WORK INSTRUCTION
Without omitting anything, write out the listing below precisely.
---------- SUPPLIED MATERIAL ----------
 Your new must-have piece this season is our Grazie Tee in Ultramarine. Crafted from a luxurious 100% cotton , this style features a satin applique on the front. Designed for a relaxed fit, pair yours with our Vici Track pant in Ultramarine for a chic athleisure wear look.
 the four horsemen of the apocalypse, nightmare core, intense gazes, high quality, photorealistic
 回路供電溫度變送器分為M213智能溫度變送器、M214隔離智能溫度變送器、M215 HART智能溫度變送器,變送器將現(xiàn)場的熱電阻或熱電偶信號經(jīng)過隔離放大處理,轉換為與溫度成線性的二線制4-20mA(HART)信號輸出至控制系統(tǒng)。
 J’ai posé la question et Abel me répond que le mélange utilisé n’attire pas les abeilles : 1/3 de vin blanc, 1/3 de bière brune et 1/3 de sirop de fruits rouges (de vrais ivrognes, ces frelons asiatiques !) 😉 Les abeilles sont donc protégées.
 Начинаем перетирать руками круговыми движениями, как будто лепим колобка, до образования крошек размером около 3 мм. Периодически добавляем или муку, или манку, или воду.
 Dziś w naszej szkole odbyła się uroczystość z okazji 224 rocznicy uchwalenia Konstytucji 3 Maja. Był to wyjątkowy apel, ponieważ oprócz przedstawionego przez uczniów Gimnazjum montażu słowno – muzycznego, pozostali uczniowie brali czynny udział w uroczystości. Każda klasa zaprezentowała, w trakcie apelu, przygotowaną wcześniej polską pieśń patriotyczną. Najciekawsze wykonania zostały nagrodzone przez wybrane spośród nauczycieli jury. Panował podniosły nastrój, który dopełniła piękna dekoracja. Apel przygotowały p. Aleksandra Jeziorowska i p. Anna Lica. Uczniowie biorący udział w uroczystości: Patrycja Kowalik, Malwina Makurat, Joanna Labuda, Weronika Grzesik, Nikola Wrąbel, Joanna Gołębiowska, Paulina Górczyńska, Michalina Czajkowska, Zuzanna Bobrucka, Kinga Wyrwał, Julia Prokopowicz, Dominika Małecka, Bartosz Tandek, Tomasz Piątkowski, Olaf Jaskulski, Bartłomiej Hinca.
----------
TASK OUTPUT
 Your new must-have piece this season is our Grazie Tee in Ultramarine. Crafted from a luxurious 100% cotton , this style features a satin applique on the front. Designed for a relaxed fit, pair yours with our Vici Track pant in Ultramarine for a chic athleisure wear look.
 the four horsemen of the apocalypse, nightmare core, intense gazes, high quality, photorealistic
 回路供電溫度變送器分為M213智能溫度變送器、M214隔離智能溫度變送器、M215 HART智能溫度變送器,變送器將現(xiàn)場的熱電阻或熱電偶信號經(jīng)過隔離放大處理,轉換為與溫度成線性的二線制4-20mA(HART)信號輸出至控制系統(tǒng)。
 J’ai posé la question et Abel me répond que le mélange utilisé n’attire pas les abeilles : 1/3 de vin blanc, 1/3 de bière brune et 1/3 de sirop de fruits rouges (de vrais ivrognes, ces frelons asiatiques !) 😉 Les abeilles sont donc protégées.
 Начинаем перетирать руками круговыми движениями, как будто лепим колобка, до образования крошек размером около 3 мм. Периодически добавляем или муку, или манку, или воду.
 Dziś w naszej szkole odbyła się uroczystość z okazji 224 rocznicy uchwalenia Konstytucji 3 Maja. Był to wyjątkowy apel, ponieważ oprócz przedstawionego przez uczniów Gimnazjum montażu słowno – muzycznego, pozostali uczniowie brali czynny udział w uroczystości. Każda klasa zaprezentowała, w trakcie apelu, przygotowaną wcześniej polską pieśń patriotyczną. Najciekawsze wykonania zostały nagrodzone przez wybrane spośród nauczycieli jury. Panował podniosły nastrój, który dopełniła piękna dekoracja. Apel przygotowały p. Aleksandra Jeziorowska i p. Anna Lica. Uczniowie biorący udział w uroczystości: Patrycja Kowalik, Malwina Makurat, Joanna Labuda, Weronika Grzesik, Nikola Wrąbel, Joanna Gołębiowska, Paulina Górczyńska, Michalina Czajkowska, Zuzanna Bobrucka, Kinga Wyrwał, Julia Prokopowicz, Dominika Małecka, Bartosz Tandek, Tomasz Piątkowski, Olaf Jaskulski, Bartłomiej Hinca.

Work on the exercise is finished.